Я открыла глаза, посмотрела на луну, и магия луны перенесла меня на много лет назад. Я снова была той юной девочкой, лежащей в лунном потоке света. Лежащей и ласкающей себя. Руки мои сами собой начали гладить мое тело, точно так, как тогда, а оно словно никогда и не забывало этих ласк, отозвалось сладким звенящим дрожанием, рождающимся под моими ладошками. Луна снова беззвучно запела надо мной. Мое тело само вспомнило забытые движения и начало танцевать под луной, как много лет назад.

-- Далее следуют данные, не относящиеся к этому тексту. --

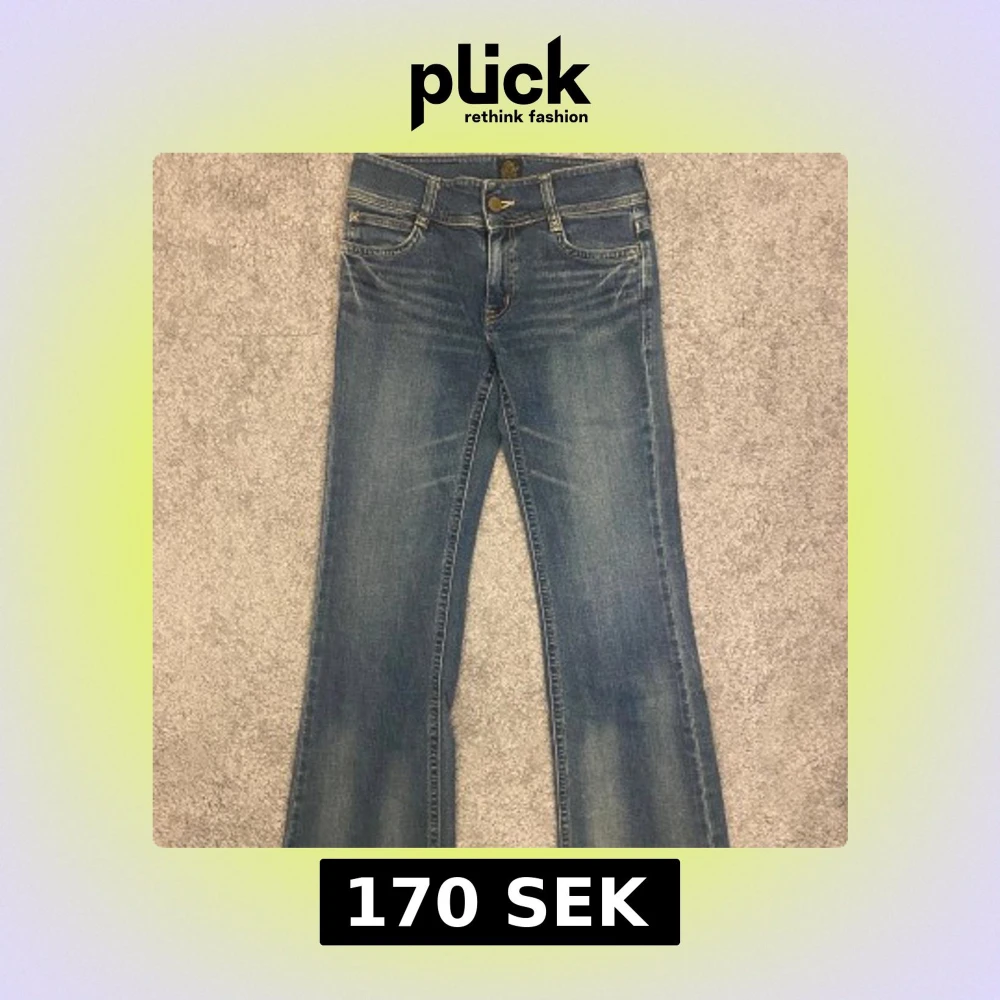 Snygga blå jeans med bootcut passform och coola bakfickor med lock och guldiga knappar. Jeansen har klassisk femficksdesign, kontrastsömmar och lätt slitning framtill. Perfekta för dig som gillar en avslappnad men trendig look. Midja rakt över: 35cm Lår: 24cm Innerben: 78cm

Тот звенящий шар, свернувшийся почти в точку, снова сладко задрожал у меня внутри, быстро набухая. Но я была не только той юной девушкой, решающейся гладить себе только живот и грудь, я уже знала, как вернуть сладкие пульсации, заставить шар сладко взорваться. Я посмотрела на луну и потом перевела взгляд на себя. Это точно была магия луны, потому что я сама себе показалась прекрасной. Словно я смотрела не на себя, а смотрела со стороны на какую-то другую прекрасную девушку. Невыносимо-манящую и влекущую. Серебристые верхушки грудей, быстро вздымающийся животик, колеблющиеся в танце бедра и раскинутые, полусогнутые в коленях ноги. А между ножками – небольшое сияющее в лунном свете блюдечко с двумя гладенькими призывно разомкнутыми листиками, между которыми напряженно дрожащая ягодка ждала встречи с пальчиком. И она дождалась этой встречи. Я ласкала не просто себя, я ласкала еще и ту прекрасную незнакомку. Касалась и ее, и от этого внутри становилось еще слаще. Пальчик мой жил своей жизнью, а я, прикрыв глаза, прислушивалась к тому, как сладкие пульсации, практически замершие внутри, ожили, и снова все сильнее колеблется, касаясь меня, сладко вибрирующий шар. Когда очередное касание оказалось слишком острым, я не сдержалась и застонала. Застонала и тут же в испуге прикрыла рот ладошкой. Не знаю, как это случилось, но я совсем забыла про Васю, спящего на соседней постели. Я скосила взгляд, и испуг сжал мое сердце. Вася не спал. Луна освещала его так же хорошо, как и меня. В полной прострации, чувствуя, как жар стыда заливает меня с головы до ног, почти в шоке от испуга, я спросила его совершенную глупость: «Что ты тут делаешь?»
И только тут я увидела, что под белизной простыни его рука быстро-быстро движется, не оставляя сомнения в том, что он сейчас тут делает. Тут я только поняла, какую глупость спросила. И как мой вопрос заполнился совсем другим, очень смешным смыслом. Застыдилась своей глупости и одновременно чувство облегчения окатило меня, смывая испуг и стыд. Ведь стыдиться, получается, нам нужно было обоим. А его ответ и вовсе вызвал у меня непроизвольную улыбку и чувство облегчения в душе: «Я любуюсь тобой». «Правда, что ли?» – произнесла я и почувствовала, что уже даже улыбаюсь. «Ты такая красивая! Я глаз отвести не могу!»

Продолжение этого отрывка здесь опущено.